In 4.6, RBNO is enabled by default only for replace node operation.

Example from scylla.yaml:

Enable_repair_based_node_ops: trueallowed_repair_based_node_ops: replace

To enable other operations (experimental), add them as a comma-separated list to allowed_repair_based_node_ops. Available operations are: bootstrap, replace, removenode, decommission and rebuild

#8013 PR#9197

For more about “Repair Based Node Operations” see the ScyllaDB Summit 2022 session by Asias He.

Service Level Properties

Service Levels allows the user to attach attributes to Rules and Users. These attributes apply to each session the user opens to ScyllaDB, enabling granular control of the session properties, like time out and shedding (overload handling).

So far, service levels have been used to implement Workload Prioritization in ScyllaDB Enterprise.

In this release, service levels are merged to ScyllaDB Open Source to implement two features:

Per service level timeouts
Workload types

Note that Workload Prioritization will remain an Enterprise-only feature.
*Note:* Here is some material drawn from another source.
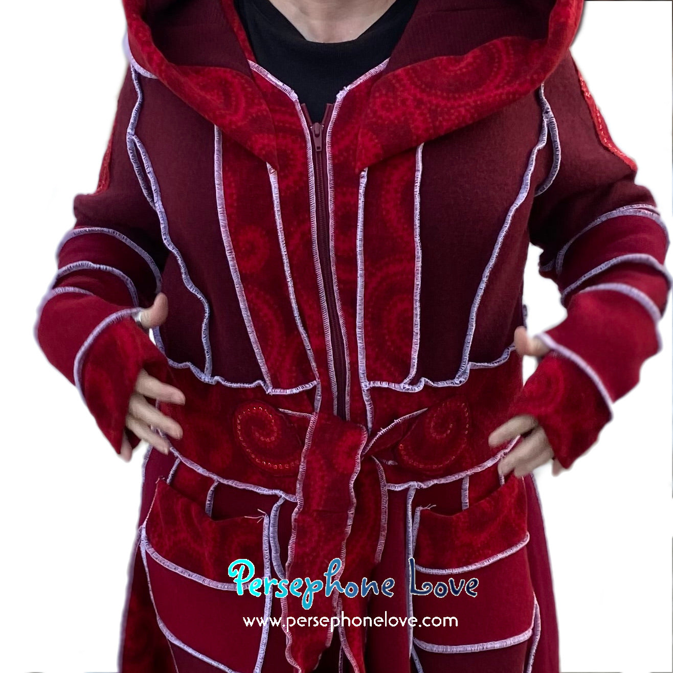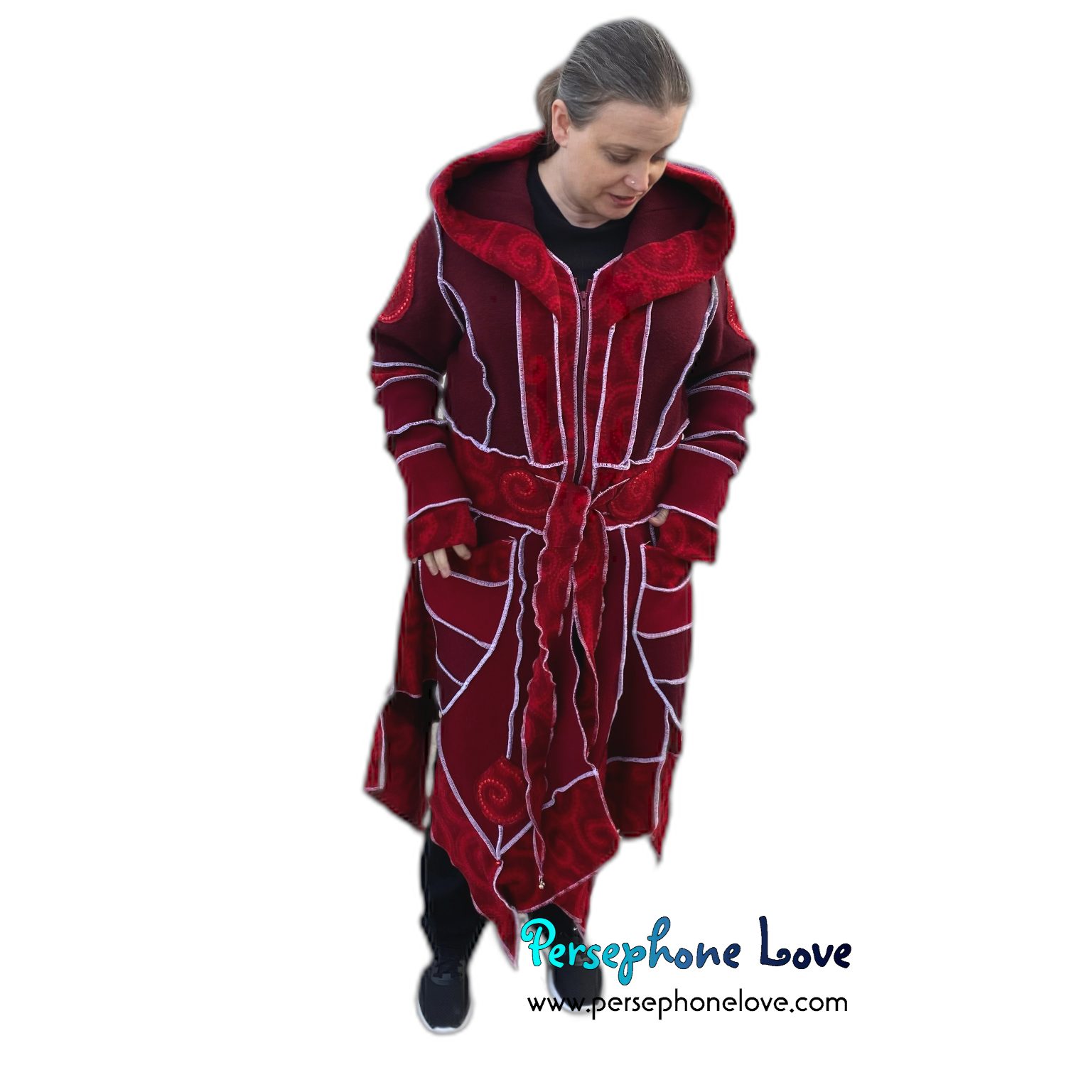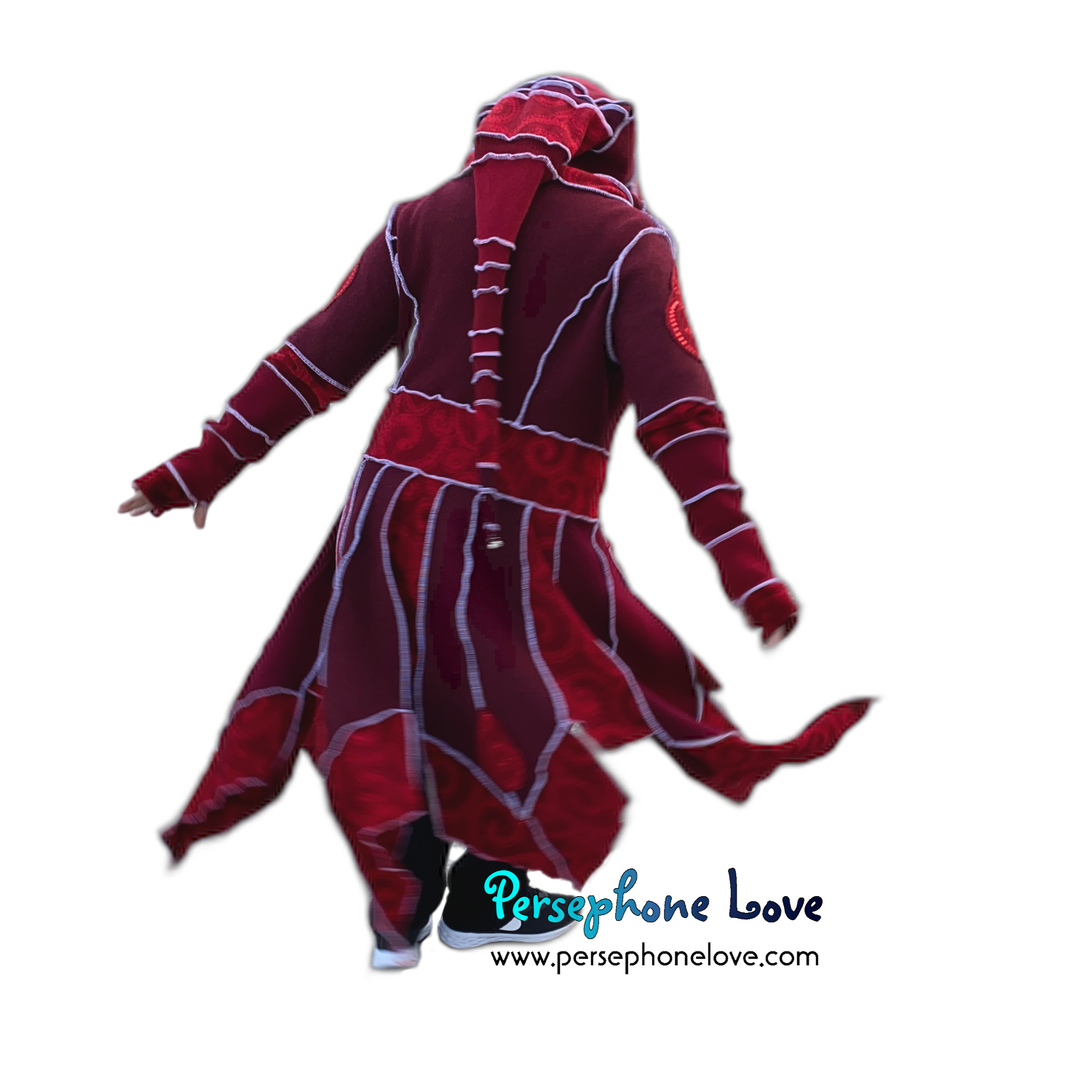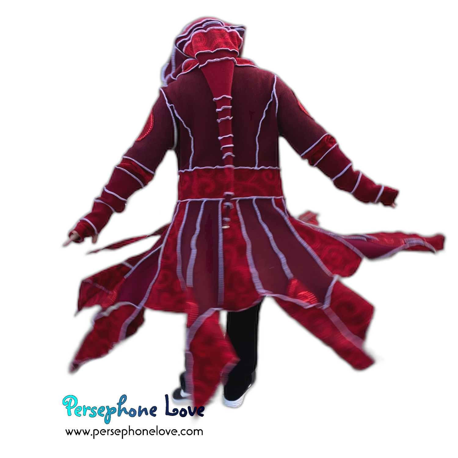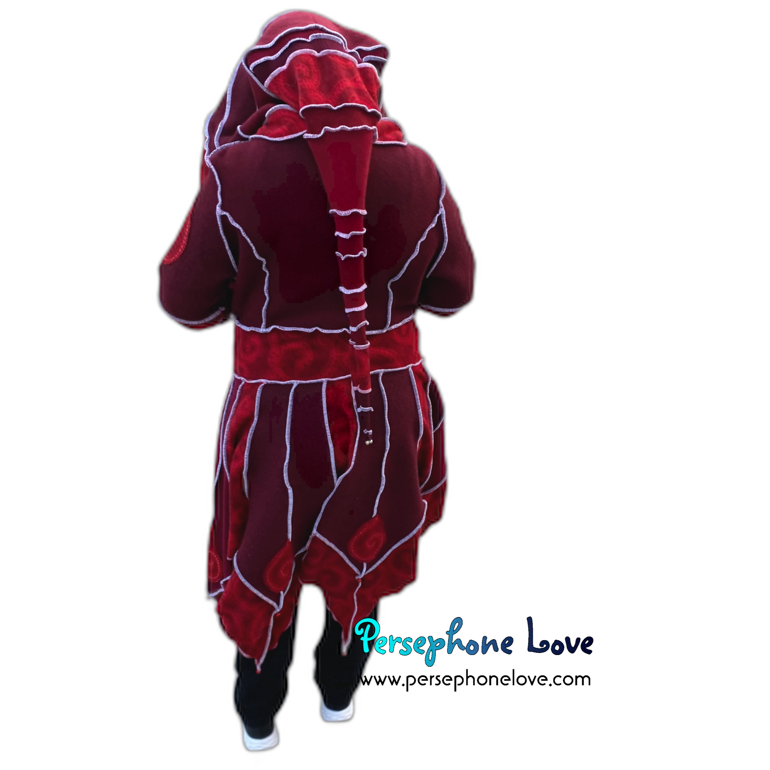 This one is part of my newer "pixie bottom" coat designs - even the "skirt" section is felted for supreme durability. Also hidden inside the hood brim are 4 felted layers.. so instead of 2-ply cashmere, think 8-ply... which I felted the heck out of to super-compress them, so the hood brim has a lot more structure than my earlier works, but without adding too much bulk. The result is a hood that has a better "hang" and holds a shape better when worn up over the head. This one also has a ton of extra bells attached to the pixie points so it looks like a coat but doubles as a musical instrument. (If you want to sneak up on people silently you can always remove them but I frankly think they make for an awesome coat.)🎵

Per service level timeouts

You can now create service levels with customized read and write timeouts and attach them to rules and users. This is useful when some workloads, like ETL, are less sensitive to latency than others.

For example:

CREATE SERVICE LEVEL sl2 WITH timeout = 500ms;
ATTACH SERVICE LEVEL sl2 TO scylla;
ALTER SERVICE LEVEL sl2 WITH timeout = null;

#7913, PR#7617, PR#8763

Workload types

It’s possible to declare a workload type for a service level, currently out of three available values:

unspecified – generic workload without any specific characteristics; default
interactive – workload sensitive to latency, expected to have high/unbounded concurrency, with dynamic characteristics, OLTP; example: users clicking on a website and generating events with their clicks
batch – workload for processing large amounts of data, not sensitive to latency, expected to have fixed concurrency, OLAP, ETL; example: processing billions of historical sales records to generate useful statistics

Declaring a workload type provides more context for ScyllaDB to decide how to handle the sessions. For instance, if a coordinator node receives requests with a rate higher than it can handle, it will make different decisions depending on the declared workload type:

For batch workloads it makes sense to apply back pressure – the concurrency is assumed to be fixed, so delaying a reply will likely also reduce the rate at which new requests are sent;
For interactive workloads, backpressure would only waste resources – delaying a reply does not decrease the rate of incoming requests, so it’s reasonable for the coordinator to start shedding surplus requests.

Example

ALTER SERVICE LEVEL sl WITH workload_type = 'interactive';

Reverse Queries

A reverse query is a query SELECT that uses a reverse order compared to the one used in the table schema. If no order was defined, the default order is ascending (ASC).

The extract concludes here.